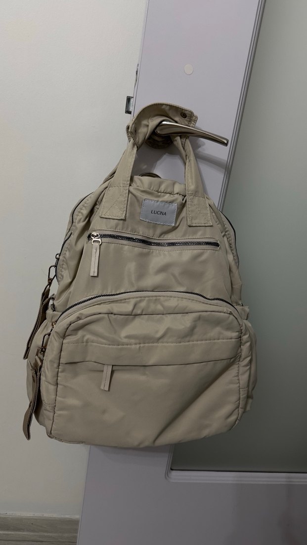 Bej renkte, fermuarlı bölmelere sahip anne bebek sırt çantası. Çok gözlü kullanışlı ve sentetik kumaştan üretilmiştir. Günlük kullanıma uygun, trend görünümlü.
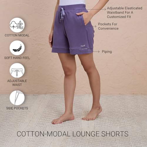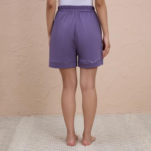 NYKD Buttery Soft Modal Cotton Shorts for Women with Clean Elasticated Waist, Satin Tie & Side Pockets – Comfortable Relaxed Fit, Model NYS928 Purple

⁂

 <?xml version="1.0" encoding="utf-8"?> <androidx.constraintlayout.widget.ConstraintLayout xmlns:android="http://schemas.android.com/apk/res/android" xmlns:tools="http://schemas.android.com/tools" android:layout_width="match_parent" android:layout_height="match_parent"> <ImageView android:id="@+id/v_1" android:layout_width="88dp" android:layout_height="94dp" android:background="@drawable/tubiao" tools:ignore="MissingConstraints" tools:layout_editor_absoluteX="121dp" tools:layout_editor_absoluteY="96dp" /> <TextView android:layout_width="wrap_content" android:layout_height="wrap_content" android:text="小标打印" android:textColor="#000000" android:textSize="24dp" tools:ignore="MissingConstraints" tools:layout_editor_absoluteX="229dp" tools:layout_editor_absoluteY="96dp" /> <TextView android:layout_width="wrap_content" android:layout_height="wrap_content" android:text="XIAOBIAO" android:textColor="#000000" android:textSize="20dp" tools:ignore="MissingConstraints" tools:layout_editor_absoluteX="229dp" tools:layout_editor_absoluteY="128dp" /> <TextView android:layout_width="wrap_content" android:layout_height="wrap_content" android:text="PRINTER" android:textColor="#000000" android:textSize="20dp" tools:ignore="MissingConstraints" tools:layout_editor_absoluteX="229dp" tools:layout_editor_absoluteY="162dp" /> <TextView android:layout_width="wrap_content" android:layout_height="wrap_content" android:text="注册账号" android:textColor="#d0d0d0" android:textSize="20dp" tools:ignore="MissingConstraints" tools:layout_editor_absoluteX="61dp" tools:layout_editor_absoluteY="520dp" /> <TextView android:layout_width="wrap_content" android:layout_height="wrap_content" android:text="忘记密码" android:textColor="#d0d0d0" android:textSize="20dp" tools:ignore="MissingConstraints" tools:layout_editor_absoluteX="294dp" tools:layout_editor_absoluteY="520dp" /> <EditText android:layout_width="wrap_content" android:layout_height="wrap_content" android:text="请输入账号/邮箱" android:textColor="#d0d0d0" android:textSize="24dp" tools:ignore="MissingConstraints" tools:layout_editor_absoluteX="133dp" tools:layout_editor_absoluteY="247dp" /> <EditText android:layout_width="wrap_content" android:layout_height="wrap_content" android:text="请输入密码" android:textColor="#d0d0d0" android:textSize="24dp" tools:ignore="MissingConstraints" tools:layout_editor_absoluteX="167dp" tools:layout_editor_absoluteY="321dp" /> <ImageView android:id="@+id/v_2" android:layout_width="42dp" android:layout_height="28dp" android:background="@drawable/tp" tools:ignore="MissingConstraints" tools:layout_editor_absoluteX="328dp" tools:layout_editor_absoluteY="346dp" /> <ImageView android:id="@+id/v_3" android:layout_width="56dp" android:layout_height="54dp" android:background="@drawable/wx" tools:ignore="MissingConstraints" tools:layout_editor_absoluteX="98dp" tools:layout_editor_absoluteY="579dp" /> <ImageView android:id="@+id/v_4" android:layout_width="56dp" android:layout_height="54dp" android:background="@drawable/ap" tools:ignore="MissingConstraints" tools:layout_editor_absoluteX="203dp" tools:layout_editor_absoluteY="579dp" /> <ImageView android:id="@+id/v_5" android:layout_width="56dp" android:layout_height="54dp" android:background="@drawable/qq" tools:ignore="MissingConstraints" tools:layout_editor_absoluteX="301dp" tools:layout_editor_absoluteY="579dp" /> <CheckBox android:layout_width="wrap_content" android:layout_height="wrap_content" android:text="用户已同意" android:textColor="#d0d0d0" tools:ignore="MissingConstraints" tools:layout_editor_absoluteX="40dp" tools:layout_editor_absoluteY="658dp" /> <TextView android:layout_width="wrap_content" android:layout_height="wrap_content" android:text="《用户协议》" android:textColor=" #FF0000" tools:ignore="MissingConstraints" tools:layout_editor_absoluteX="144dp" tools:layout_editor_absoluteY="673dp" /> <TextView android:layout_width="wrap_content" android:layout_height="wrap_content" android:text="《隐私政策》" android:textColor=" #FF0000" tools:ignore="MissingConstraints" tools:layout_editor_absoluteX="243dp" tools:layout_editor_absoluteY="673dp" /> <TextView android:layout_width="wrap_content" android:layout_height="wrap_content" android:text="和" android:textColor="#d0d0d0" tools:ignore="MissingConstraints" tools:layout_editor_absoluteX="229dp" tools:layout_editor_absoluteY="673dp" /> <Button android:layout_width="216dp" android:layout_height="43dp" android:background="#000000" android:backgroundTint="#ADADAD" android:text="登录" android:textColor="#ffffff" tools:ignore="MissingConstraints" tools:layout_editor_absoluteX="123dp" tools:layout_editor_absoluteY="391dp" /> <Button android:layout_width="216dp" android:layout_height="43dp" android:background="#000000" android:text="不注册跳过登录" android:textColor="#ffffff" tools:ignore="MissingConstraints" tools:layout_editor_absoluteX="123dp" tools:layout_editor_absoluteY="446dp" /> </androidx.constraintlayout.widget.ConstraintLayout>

⁂

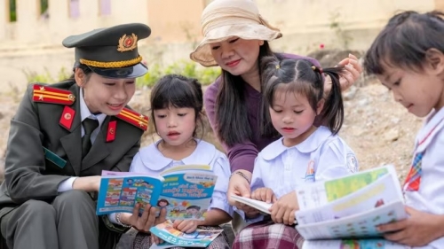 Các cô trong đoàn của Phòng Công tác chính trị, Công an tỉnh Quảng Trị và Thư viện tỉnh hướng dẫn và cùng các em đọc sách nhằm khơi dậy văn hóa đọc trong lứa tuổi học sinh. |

⁂

### Task statement
Only the lines above starting with the line with "Bej renkte, fermuarlı" and going on through the line with "NYKD Buttery Soft" belong in the answer; repeat them exactly, minus any picture.

### Result
 Bej renkte, fermuarlı bölmelere sahip anne bebek sırt çantası. Çok gözlü kullanışlı ve sentetik kumaştan üretilmiştir. Günlük kullanıma uygun, trend görünümlü.
 NYKD Buttery Soft Modal Cotton Shorts for Women with Clean Elasticated Waist, Satin Tie & Side Pockets – Comfortable Relaxed Fit, Model NYS928 Purple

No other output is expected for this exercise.